Interbeing (and Skinless X-1) incorporate far less sampling than my earlier work. It’s not that I’ve tried to get away from sampling as if it’s a bad thing. Sampling is sick. I have several on-going projects that are religiously sample-based, and I will never break those rules. It’s just that I’ve been less interested in finding the perfect sax pop verse to layer in or build upon, and more interested in composing all these melodies and progressions from the bottom up. Fire-Toolz was always original composition and instrumentation-based, but samples were sprinkled all around as part of the process and theme. At this point, the rare sample is even more intentional, and thus a more special moment.

If I’ve taken a little chunk of someone else’s music and integrated it into my own song, then I adore that artist and listen to them on the regular. If it were safer to be more open about the samples, I’d be listing their names in the credits. There has been one exception to this, and it happens to be on the song of mine that’s gotten the most attention so far. It’s the Billy Idol sample on “All Deth Is U” from the Drip Mental album. I’m not a huge Idol fan! He was good in The Wedding Singer, but I was typically turned off by his music as a kid. I do love the song the sample came from, though. It’s probably because it sounds like other bands I like who were big at the time. I’ve always figured Billy was pissed about that. I bet he thought Depeche Mode and Duran Duran were a bunch of posers. The thing is, I kept hearing that fucking line “Eyes without a face…” in my head whenever I worked on that song, so I just did it.

Ever since Drip Mental my sample palette has been primarily jazz that’s come out sometime between 1984-1994. A few snippets of early 2000s metalcore and second wave emo can be spotted throughout the discography as well. My sample usage is meant to be a juxtaposition and re-contextualization, so I don’t sample “experimental” or techno or industrial or anything like that.
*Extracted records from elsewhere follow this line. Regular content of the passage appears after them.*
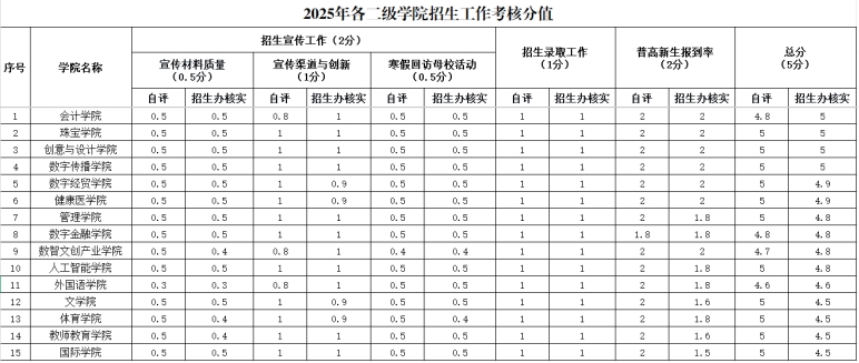 为全面提升学校招生工作质量,优化生源结构,保障招生计划有效落实,根据《广州华商学院 2025 年二级单位绩效考核激励方案(试行)》(华商院〔2025〕244 号)和广州华商学院关于印发《广州华商学院2025年二级学院招生工作考核办法》(华商院〔2025〕311号)文件精神 ,对各二级学院在招生宣传、招生录取及新生报到率等方面的年度工作进行量化评估。考核总分为 5 分。经各二级学院自评,招生办核实。现予以公示,公示时间从2026年1月22日至2026年1月24日止。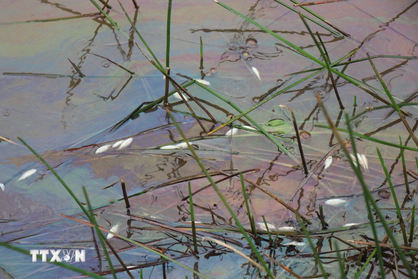 Váng dầu tràn ra ruộng sản xuất lúa của người dân xã Vạn Tường gây hiện tượng cá chết. (Ảnh: Phạm Cường/TTXVN)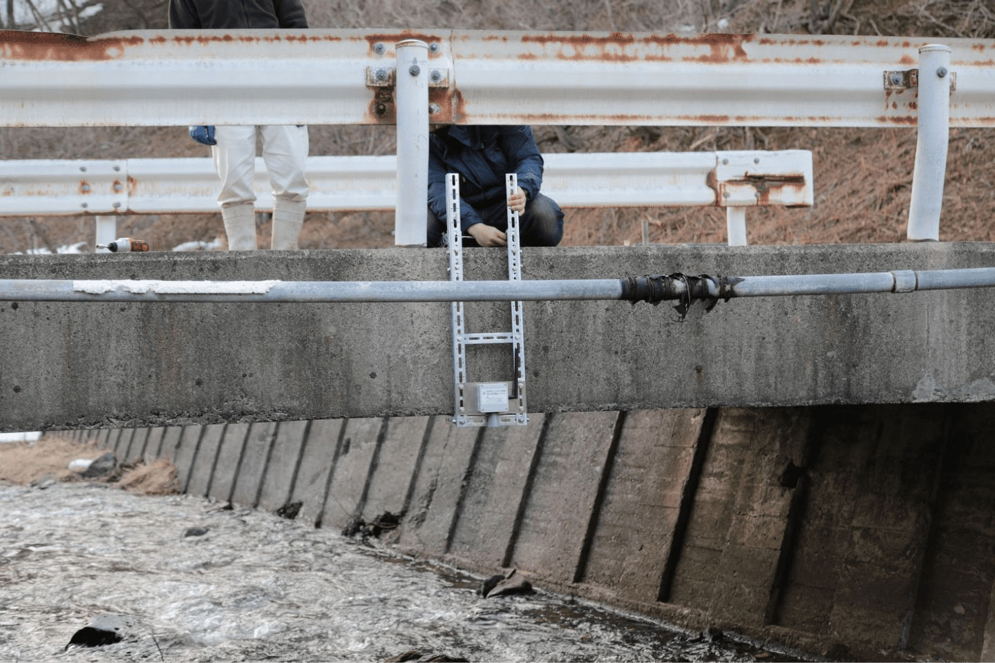 ここからは、実際のデータに基づく推察を交えてお話します。LPWAの水位センサは、下図の通り石狩市北部に位置する浜益区において運用されており、6つの川にそれぞれ水位計測器とゲートウェイ装置が1台ずつ稼働しています。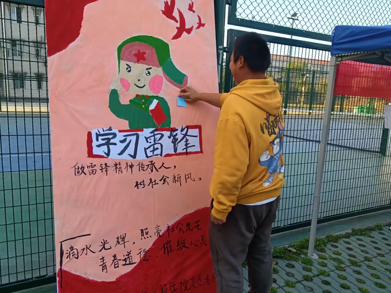 在志愿者的组织下,同学们在便签上写下一句句深情的告白、一段段真挚的感言,书写对雷锋精神的感悟和身边一个个“小雷锋”们的暖心事迹。不同的字迹承载着不同的赤诚之心,一笔一画皆是同学们的所感所思。留言板上,纸短情深,句简意远。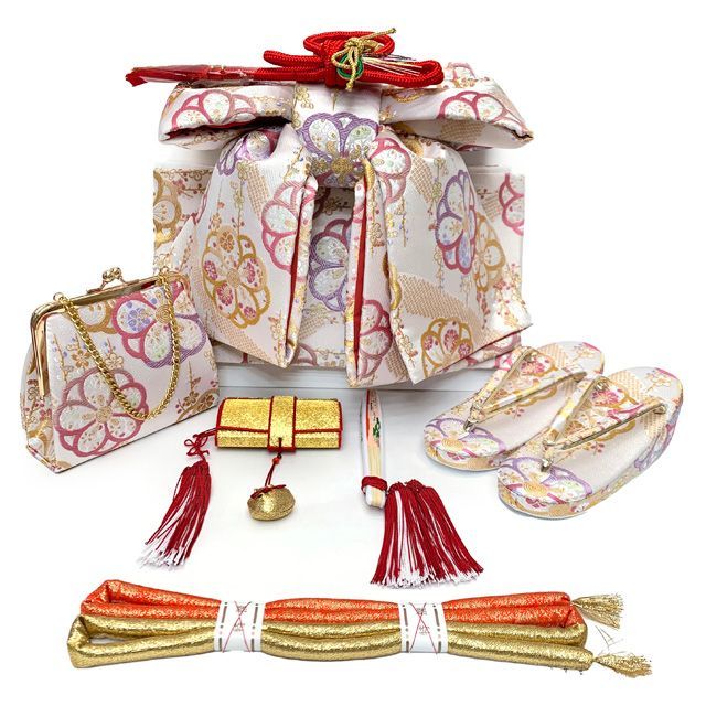 裾前に鮮やかな金彩が施された合繊(ポリエステル) 七歳女の子四つ身の着物に、結び帯やハコセコセットをコーディネートしたフルセットです。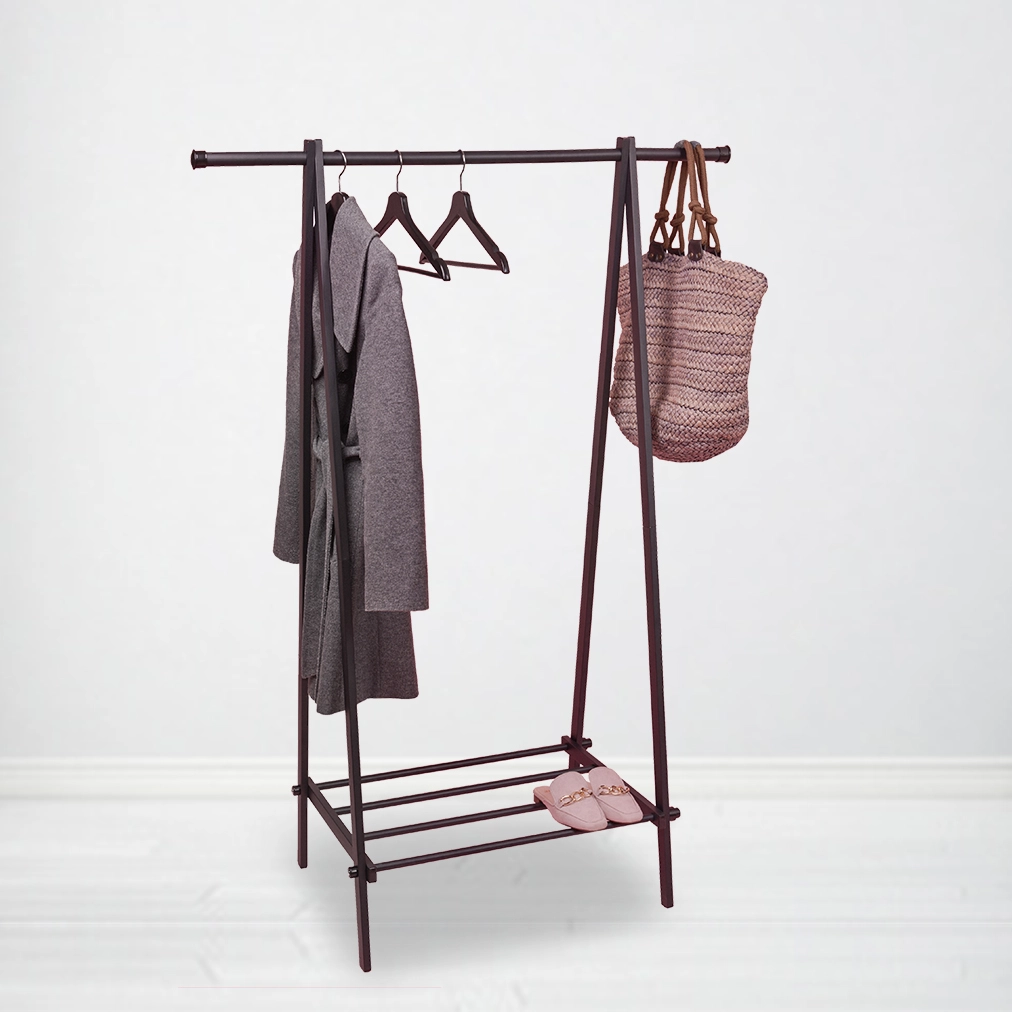 Portant à vêtements en métal pratique avec tringle supérieure pour cintres et étagère inférieure pour chaussures et accessoires, il vous aide à garder de l’ordre dans l’entrée, la chambre ou le dressing. Grâce à sa structure en acier résistant avec peinture époxy, il est stable, facile à nettoyer et s’intègre parfaitement à un intérieur moderne.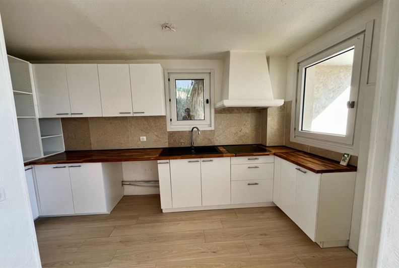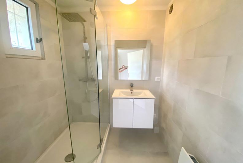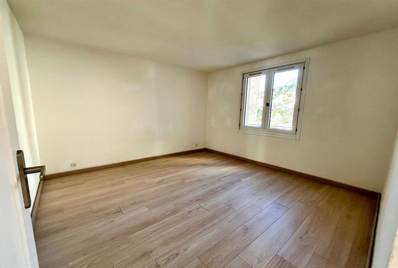 VENCE, dans une résidence sécurisée, à proximité des écoles, appartement entièrement rénové comprenant séjour, cuisine ouverte aménagée, deux chambres, salle d'eau, w-c, buanderie et placards. Loggia, parking privé extérieur.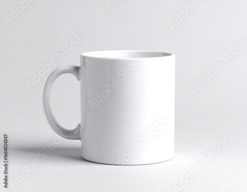 © gilang, Obraz premium Blank White Ceramic Mug on Light Gray Background.

I would really love to just contact the great artists that I’ve sampled and show them what I’ve done. That could quite possibly yield unfavorable results. See, if it were me, even if the song was really bad, I would be like “OMG that’s really cool, thanks, I’m glad my jams have touched your young soul in such a way that you found the inspiration to re-contextualize them in your own way!” But these are old people now, you know? They may be more old fashioned. They may get angry and think I’m trying to profit off of their labor. They might even call me a bad word, and I’m pretty sure you’re not allowed to cuss or feel anger if you’re on Windham Hill Records. I think my dream would be for one of these artists to contact me and ask me to collaborate on some music!

I did email Zenju Earthlyn Manuel’s camp about my sampling her guided meditation in the track [CODENAME_BONKERS]. I didn’t expect a reply but I’m sure someone has read it by now and decided to leave me alone. The sample is from a public YouTube video, but I chopped up her phrases a little and still credited her, so that made/makes me nervous. shrugs.